Hospitals on average earn profits from Medicare and from private-sector payers, meaning Medicare payments probably are adequate, the staff of a congressional advisory commission said last week.
An American Hospital Association official responded, however, that hospitals actually lose 1% on their Medicare business, but the commission's figures don't show that because they rely on outdated cost figures.
Preparing for a vote early next year on 2003 hospital payment updates, the Medicare Payment Advisory Commission staff said hospitals are projected to make a 10.8% profit on Medicare inpatient business and a 3.8% profit on their entire Medicare business in 2002. Both figures are down slightly from 1999, when the inpatient margin was 11.9% and the total margin was 4.7%.
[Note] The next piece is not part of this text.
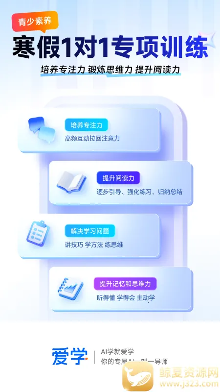 爱学2026官方最新版本是专为中小学生打造的AI智能导师平台,涵盖全学段学习资源,有丰富免费课程,支持AI 1v1教学、个性化学习计划,能自动批改作业,多模态交互,帮助孩子高效查缺补漏,提升成绩。

The staff didn't publish margin numbers for 2000 and 2001. But based on survey data, the MedPAC staff said hospitals' total margins from all payers combined was a seasonally adjusted 4% in fiscal 2001.
Carmela Coyle, the AHA's senior vice president of policy, said MedPAC's profit numbers are based on outdated assumptions that don't fully take into account all of the costs of treatment.
"When you're looking at payment adequacy, you need to take a look at all of the costs that are incurred in treating a Medicare patient," Coyle said.
She said the AHA's figures show that one-third of all hospitals lose money and that 58% lose money on their total Medicare business.